Музыканты обрадовались и застучали как бешеные. Все запрыгали, и Хмырь запрыгал, а Лиля стояла неподвижно, с опущенными глазами, как бы вбирая в себя ритм.
Потом ритм вошел в нее и стал главнее, чем она сама. Лиля вскинула руки над головой во всю длину, как бы показывая все свое божье тело и одновременно извиняясь: ну простите, что я так хороша, уж так вышло. Она некоторое время вздрагивала на своих длинных ногах, потом перечеркнула в себе какую-то грань и пошла, гонимая вдохновением.
Если рассматривать танец как самовыражение, то танец Лили можно было прочитать так: я все беру у тебя, жизнь. Я все у тебя беру и все отдаю. Ничего не придерживаю. Я все прощаю и за все мщу. Я пойду по лежачим и сама согласна стать жертвой и услышать ботинок на своем лице…
– Ну, завелась, – сказал Славик обычным тоном, без восхищения и без раздражения. Видно, ему это божье тело и божье вдохновение успели десять раз надоесть.

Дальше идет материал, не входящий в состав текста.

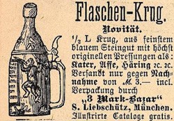 Flaschen-Krug Beiblatt der Fliegenden Blätter, Nr. 2223, Zweites Blatt, LXXXVIII. Band (88th volume) München, den 4. March 1888 Bottle - Stein. Novelty. 1/2 liter stein (made) of the finest blue pottery with the best original moulded (figures of): tom-cat, monkey, herring, etc. (drinking symbols). Sent only with cash on delivery of 3 Marks, includes packaging. "3 Mark-Bazar" S. Liebschütz, Munich. Free Illustrated Catalogue.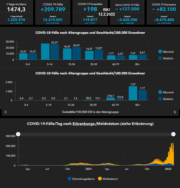- 12.2.2022 Download 6:30 Uhr: 12.219.501 positiv Getestete, 198 Tote , Genesene etwa 8.679.400 / Inzidenz 1.474,3 alle Daten gemäß RKI Dashboard// Hospitalisierung gesamt 6,46 // ab 60: 12,06 pro 100.000 gemäß RKI Lagebericht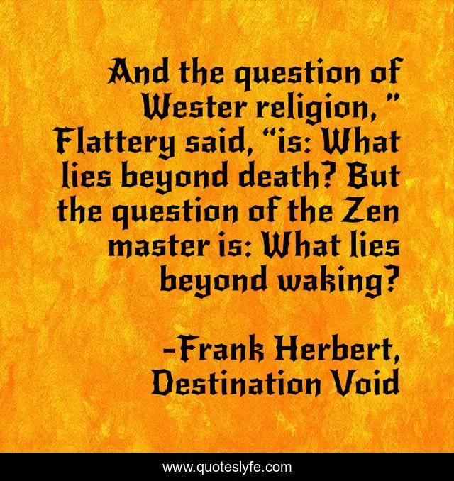 This page presents the quote "And the question of Wester religion, ” Flattery said, “is: What lies beyond death? But the question of the Zen master is: What lies beyond waking?". Author of this quote is Frank Herbert, Destination Void. .
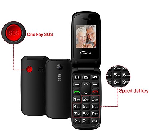 YINGTAI T15 2G Telefono Cellulare a Conchiglia con Tasti Grandi per Anziani Pulsante SOS per Chiamate di Emergenza

– Она очень красивая, – сказала я.
– Да? – удивился Славик. – Там, где мы живем, другая эстетика.
– А где вы живете?
– В Муромской области. Село Карачарово.
– Действительно? – не поверила я.
– Ну конечно. – Славик улыбнулся. Улыбка у него была какая-то неокончательная.
– А кем вы работаете?
– Врач, – сказал Славик. – А Лилька лаборантка. Я был для нее большое начальство.
– А что делает лаборантка? – спросила я.
– Анализы.
– Какие?
– Кровь. Моча и прочее.
– Лиля имеет дело с мочой? – искренне удивилась я.
– На это надо смотреть как на материал, – сказал Славик.
Подошла Лиля, сопровождаемая Хмырем. Из нее били фонтанчики счастья, а уголки глаз и губ норовили взлететь с лица.
– Душно, – радостно пожаловалась Лиля.
– Ничего. Положительные эмоции – это тот же кислород. Они ускоряют окислительные процессы.
Я посмотрела на Александра и догадалась: все радости жизни и явления природы не существуют для него самостоятельно, сами по себе, а выполняют служебную роль и служат непосредственно ему, Александру.
Музыка – кайф. Еда – калории. Радость – положительные эмоции. И мне вдруг захотелось в палатку к Игорю Корнееву. Сидеть себе, возведя глаза к звездам, и гладить на коленях нежную малахитовую ящерицу.
Александр разлил водку по рюмкам.
– Отсюда ты начнешь завоевывать Москву, – объявил он Лиле.
– А зачем ее завоевывать? – спросил Славик.
– А что еще делать? – поинтересовался Александр.
– Мало ли дел?
– Ты рассуждаешь как старик, – определила Лиля.